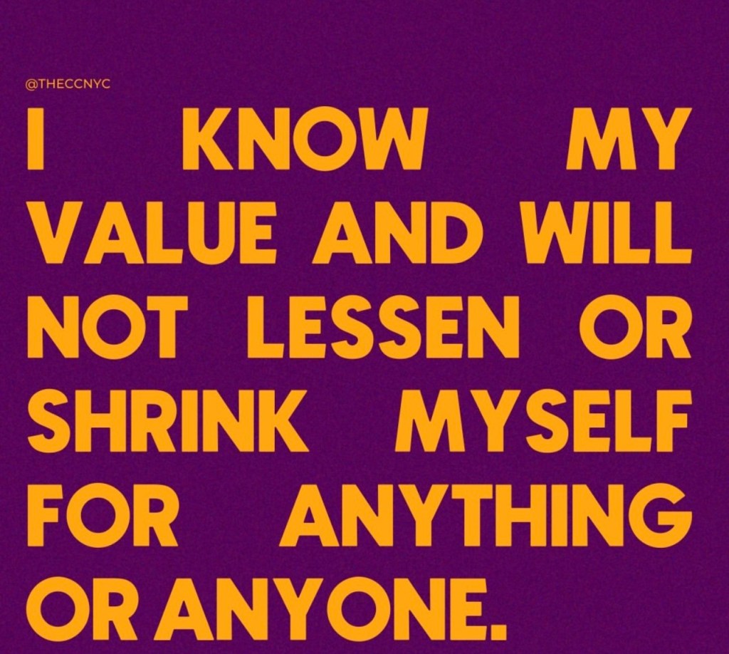 I know my value and will not lessen or shrink myself for anything or anyone.
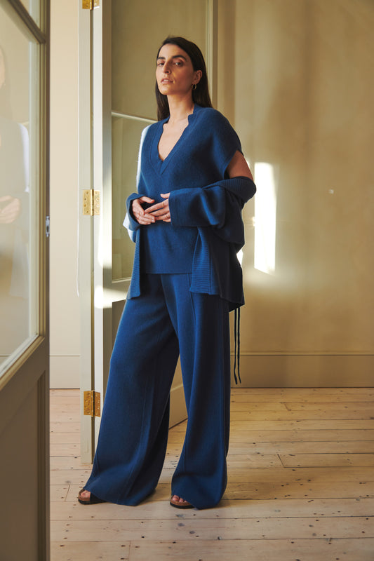 Women's Cashmere Blend V Neck Sleeveless Jumper In Night Sky
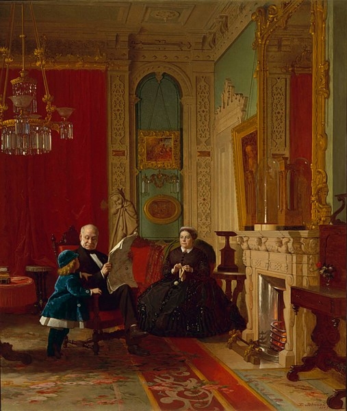 (above: Eastman Johnson, The Brown Family, [grandson William Adams Brown (1865-1943), James Brown (1791-1877), wife Eliza Brown (1803-1890)] 1869, oil on canvas, 38.5 x 32.3 inches, M. H. de Young Memorial Museum, Gift of Mr. and Mrs. John D. Rockefeller 3rd. Public domain, via Wikimedia Commons*)
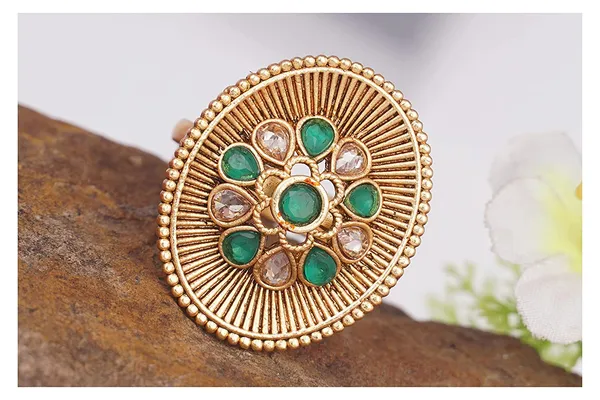 Green Matte Gold Plated Beautiful Oval Shaped Polki St1 And Diamond Studded..More
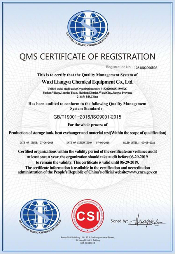 我們?nèi)〉脡毫θ萜髦圃煸S可證單位,具備A2級(jí)(I、II、III)碳鋼、不銹鋼壓力容器制造資質(zhì),并通過(guò)ISO9001質(zhì)量體系認(rèn)證。
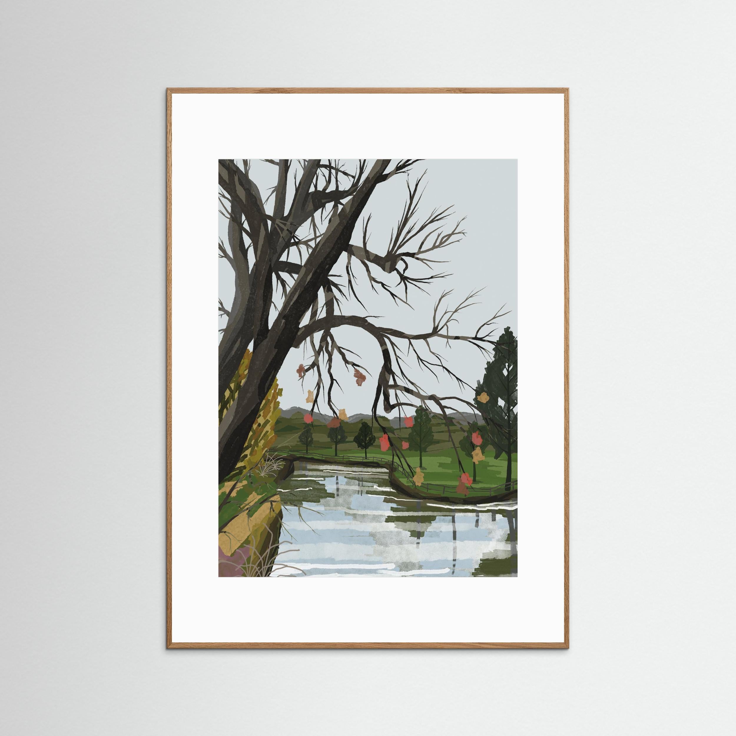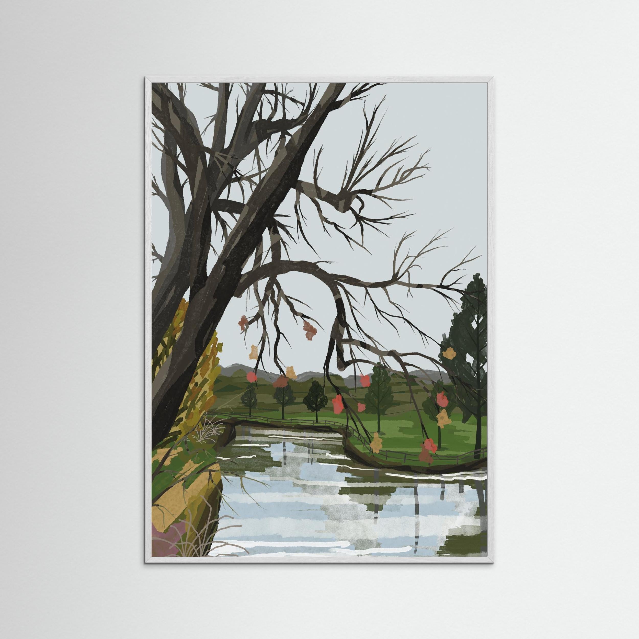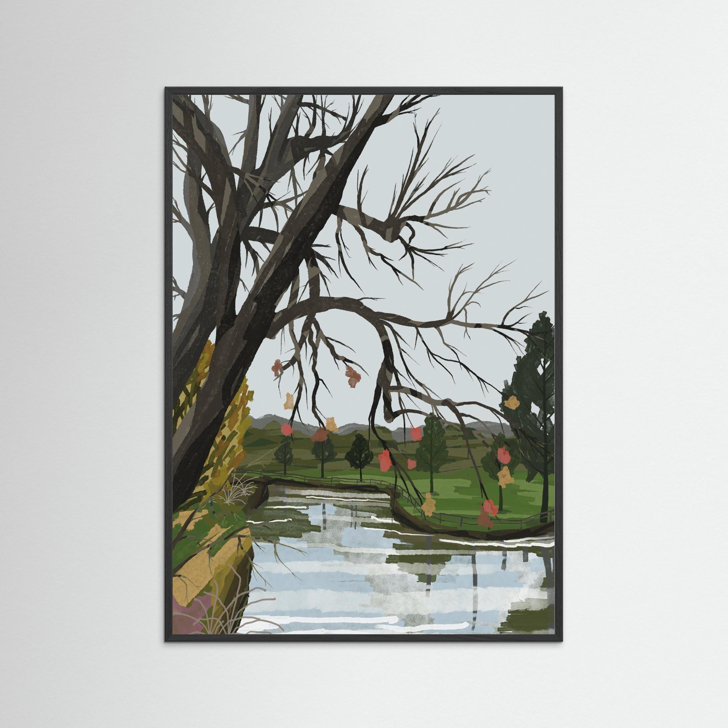 Transform your interior with River Canopy, a poignant and evocative addition to the Zeta Contemporary illustration collection. This piece captures a moment of quiet transition, where the intricate, skeletal beauty of winter branches meets the soft, rhythmic flow of a mirrored river. It is a sophisticated study in reflection and resilience, designed to bring a sense of calm, intellectual depth to your home gallery.

▶ **Exercise goal**:
The response must restate each line of the material above exactly and contain no images.

▶ **Answer box**:
 I know my value and will not lessen or shrink myself for anything or anyone.
 Women's Cashmere Blend V Neck Sleeveless Jumper In Night Sky
 (above: Eastman Johnson, The Brown Family, [grandson William Adams Brown (1865-1943), James Brown (1791-1877), wife Eliza Brown (1803-1890)] 1869, oil on canvas, 38.5 x 32.3 inches, M. H. de Young Memorial Museum, Gift of Mr. and Mrs. John D. Rockefeller 3rd. Public domain, via Wikimedia Commons*)
 Green Matte Gold Plated Beautiful Oval Shaped Polki St1 And Diamond Studded..More
 我們?nèi)〉脡毫θ萜髦圃煸S可證單位,具備A2級(jí)(I、II、III)碳鋼、不銹鋼壓力容器制造資質(zhì),并通過(guò)ISO9001質(zhì)量體系認(rèn)證。
 Transform your interior with River Canopy, a poignant and evocative addition to the Zeta Contemporary illustration collection. This piece captures a moment of quiet transition, where the intricate, skeletal beauty of winter branches meets the soft, rhythmic flow of a mirrored river. It is a sophisticated study in reflection and resilience, designed to bring a sense of calm, intellectual depth to your home gallery.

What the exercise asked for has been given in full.